Destabilizing Power Grid and Energy Market by Cyberattacks on Smart Inverters

TL;DR

This paper assesses the risk and potential impact of large-scale cyberattacks on smart inverters in power grids, highlighting vulnerabilities and proposing insights for enhancing grid security in high PV penetration scenarios.

Contribution

It provides a realistic evaluation of cyberattack plausibility and impacts on power grid stability, based on Australian data and contingency analysis, emphasizing the need for robust defense strategies.

Findings

Cyberattacks can disrupt the grid but require careful planning to be impactful.

Current security measures are insufficient against sophisticated, orchestrated attacks.

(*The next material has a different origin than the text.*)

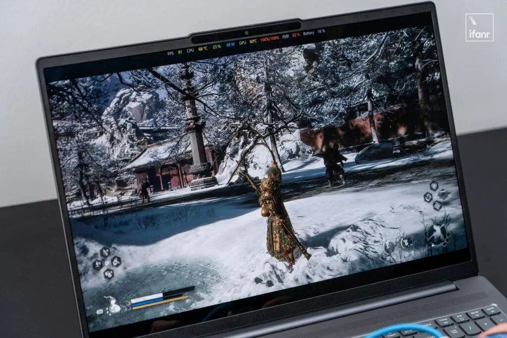 而在酷睿 Ultra X9 388H,特别是这个 12 核 Xe3 GPU 的加持下,毫不夸张的说,这台「轻薄本」几乎有着等同于 3060 显卡,或者说 PS5 主机级别的游戏能力。

Low levels of distributed PV can enable significant cyberattack impacts.

Abstract

Cyberattacks on smart inverters and distributed PV are becoming an imminent threat, because of the recent well-documented vulnerabilities and attack incidents. Particularly, the long lifespan of inverter devices, users' oblivion of cybersecurity compliance, and the lack of cyber regulatory frameworks exacerbate the prospect of cyberattacks on smart inverters. As a result, this raises a question -- "do cyberattacks on smart inverters, if orchestrated on a large scale, pose a genuine threat of wide-scale instability to the power grid and energy market"? This paper provides a realistic assessment on the plausibility and impacts of wide-scale power instability caused by cyberattacks on smart inverters. We conduct an in-depth study based on the electricity market data of Australia and the knowledge of practical contingency mechanisms. Our key findings reveal: (1) Despite the possibility of disruption to the grid by cyberattacks on smart inverters, the impact is only significant under careful planning and orchestration. (2) While the grid can assure certain power system security to survive inadvertent contingency events, it is insufficient to defend against savvy attackers who can orchestrate attacks in an adversarial manner. Our data analysis of Australia's electricity grid also reveals that a relatively low percentage of distributed PV would be sufficient to launch an impactful concerted attack on the grid. Our study casts insights on robust strategies for defending the grid in the presence of cyberattacks for places with high penetration of distributed PV.